Donnerstag, 01. Dezember 2022
Grußworte Dezember 2022
Liebe Leserin, lieber Leser,
wortlos stellte meine Mutter die kleine Schüssel mit den spärlichen Resten des Weihnachtsgebäcks auf den Tisch. Mein Vater, meine Schwester und ich blickten uns an. Sie brauchte nichts zu sagen und ihr Schweigen war die Höchststrafe für uns.
Wir haben das Weihnachtsgebäck, das mit so viel Liebe in den Tagen vorher gebacken wurde, still und heimlich geplündert. Meine Schwester und ich wussten voneinander, dass Papa auch heimlich genascht hat, entnahmen wir seinem betroffenen Schweigen. Auch der Versuch, unsere Tat dadurch zu entschuldigen, dass sie eben vor Weihnachten besser schmeckten, erhellte die Laune unserer Mutter nicht.
Daran muss ich immer wieder denken, wenn ich sehe, dass schon Ende September das Weihnachtsgebäck in den Supermärkten angeboten wird. Anfangs ignoriere ich die verlockenden Auslagen, um dann von Woche zu Woche zu schauen, ob diejenigen Süßigkeiten, Lebkuchen, Baumkuchen und andere Köstlichkeiten, die ich mir unbedingt kaufen möchte, noch in genügender Anzahl vorhanden sind. Nach St. Martin, so versuche ich mich zu entschuldigen, kann ich sie kaufen. Vorher auf keinen Fall.
Habe ich sie dann glücklich nach Hause gebracht und sorgfältig verstaut, bleibt doch die stete Gefahr, die eine oder andere Köstlichkeit schon jetzt zu genießen. Das Warten, ich gebe es unumwunden zu, fällt mir schwer. Vielleicht ergeht es Ihnen wie mir und das Warten fällt schwer.

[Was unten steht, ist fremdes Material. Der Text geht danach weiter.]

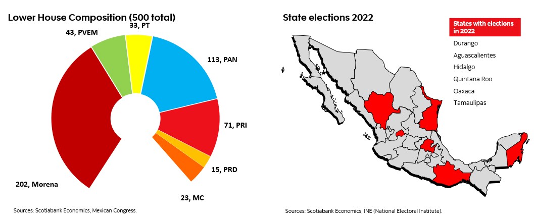 President AMLO’s administration needs more support for constitutional reforms. Key elections could realign legislature: Presidential mandate referendum and six state elections will take place in 2022.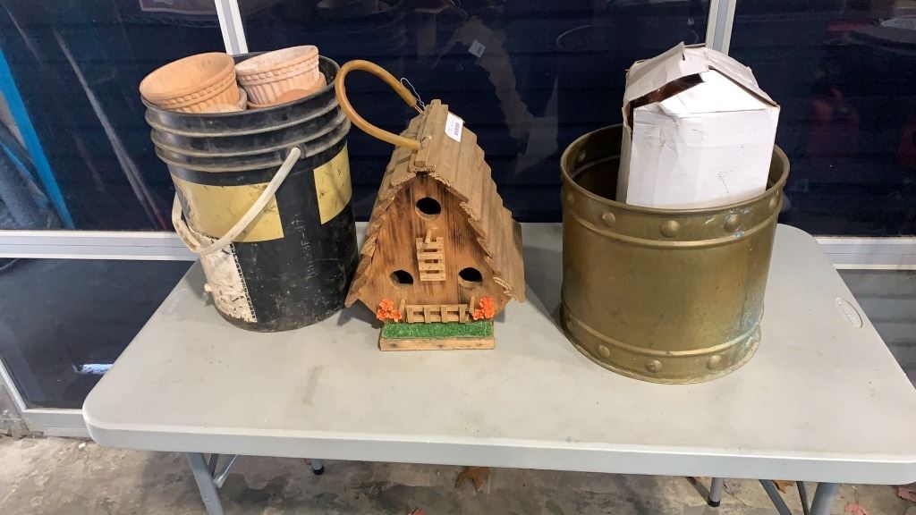 LOT OF PLANT POTS, BRASS BUCKET AND BIRD BNB

Ein Blick in den Duden weitet meinen Blick. Die Herkunft des Verbes ‚warten‘, so wird ausgeführt, leitet sich vom Substantiv ‚Warte‘ ab, bedeute daher: ‚den Blick auf etwas richten‘. Die Ausgangsbedeutung gehe im Lauf der Zeit über in ‘achthaben, sorgen, pflegen’, auch ‘seinen Blick auf das Begehrte richten, das man zu erhalten hofft’, und führe zu der heute allgemein üblichen Bedeutung von ‘harren’, ‚ausharren‘. Ich entnehme den Ausführungen auch, dass damit ‚Wärter‘ verbunden sei. Also ein ‚Aufseher‘, ein ‚Türöffner‘ und ein ‚Pfleger‘. Das Verb ‚aufwarten‘ sei auch davon herzuleiten, was wiederum ‚bedienen, dienen, seine Gunst erweisen‘ bedeute.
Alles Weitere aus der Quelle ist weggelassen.